Initiated by Emil Bertell, Fenotype first started as a teenage passion project (2TheLeft) before evolving into a small, online font marketplace. Earlier works of his and his brother, Erik, were released as freeware between 2000 and 2002. They were done in quick succession, with some fonts being completed within a day. Despite the rapid turnover of typefaces within that period, Bertell’s fonts weren’t lacklustre or haphazard in appearance. All fonts have distinct, crafted personalities with a consistent look from glyph to glyph.

Mechanical and rigidly globule, Personal Computer fits snuggly within the electronica-heavy atmosphere throughout the late ’90s and ’00s. It has visual harmony with the custom type that musician Aphex Twin utilises in their 1992 album jacket and their logo throughout the years. The glyph set interestingly was later revised and given the name Xylem in 2015.

As mentioned earlier (about its aesthetic reigning in the current design sphere), one of the most dominant traits of Y2K-style typefaces too is their boxy appearances with rounded corners. A similar counterpart that was also recently in the design forefront was rounded pixel types. Personal Computer thus puts itself in a favourable position to hit the spotlight now if there is continued demand for a nuanced look of the dawning millennium.

A taken image of the spread of the third Free Font Index, featuring the Lato font family by Łukasz Dziedzic. Image is re-colourised in red, black and white.
Łukasz Dziedzic’s Lato font family is featured in the third Free Font Index. Released in 2011, Lato has seen constant use throughout the years till today. Spread contents belong to Hans Lijklema.

This article merely grazed the thick set of typefaces that the Free Font Index covers. The documented fonts have close relations to a life that was around 20 years ago, where we can see the many different experimental types that paved the breakthroughs of the typographers being listed in the indexes.

While it means that the listed free fonts might not be the most polished or sellable, the Free Font Index however documents a very honest perspective of what’s gaining traction or inhibiting the subconsciousness in those early years of the typemakers’ lives. As such, going through the indexes is like viewing a time capsule. A time capsule where one can learn from past works, and add new life to it.

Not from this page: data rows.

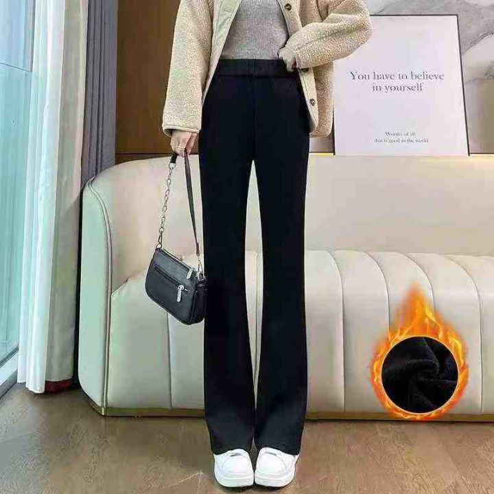 天猫精选150条,黑色喇叭裤女秋冬加绒爆款加厚羊绒直筒休闲微喇女装西裤,...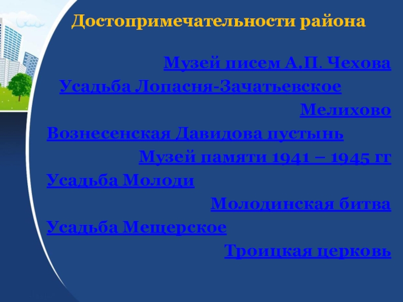 Достопримечательности района.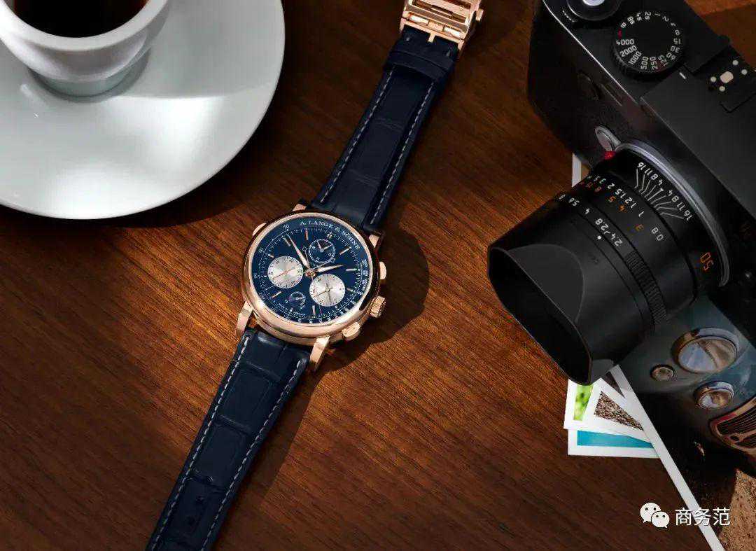 值得一看的还有配备18K玫瑰金表壳和蓝色表盘的TRIPLESPLIT三重追针腕表。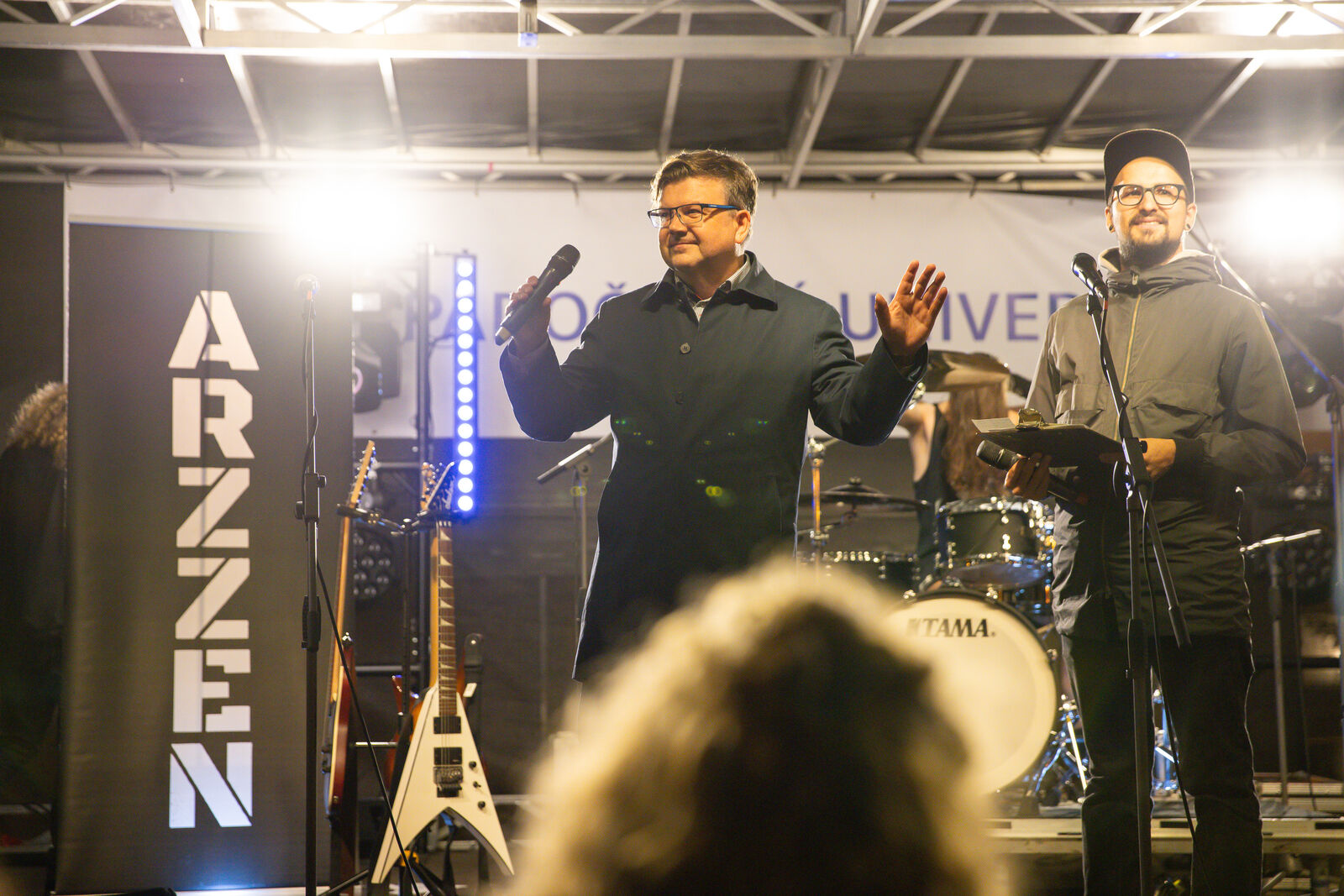 The Rector of UWB Miroslav Lávička did not miss the informal welcome of students in the new academic year. After expressing his affection for music, especially metal music, he expressed his joy at the large number of participants and also at the fact that the University of West Bohemia was able to start teaching as originally planned, unlike some other education institutions in the country, which were affected by the flood in recent days. "Today's event is primarily a celebration of the new academic year. But let us not forget that studying also involves responsible performance of tasks. Students in their second and higher years should also help younger colleagues who are in their first years," the rector said towards the audience.

If you’d like to reinvigorate or reinterpret an old design, consider delving through the Font Indexes, collecting some types in there, and resurrecting them in your design projects. Wishing you all the best if you do!

Get your hands on the Free Font Index series at Amazon, or a library near you.

Note: While all featured fonts stated in this article and the Free Font Index series are free to use, please do heed the different attached license agreements regarding modifications, distribution and other important conditions stated.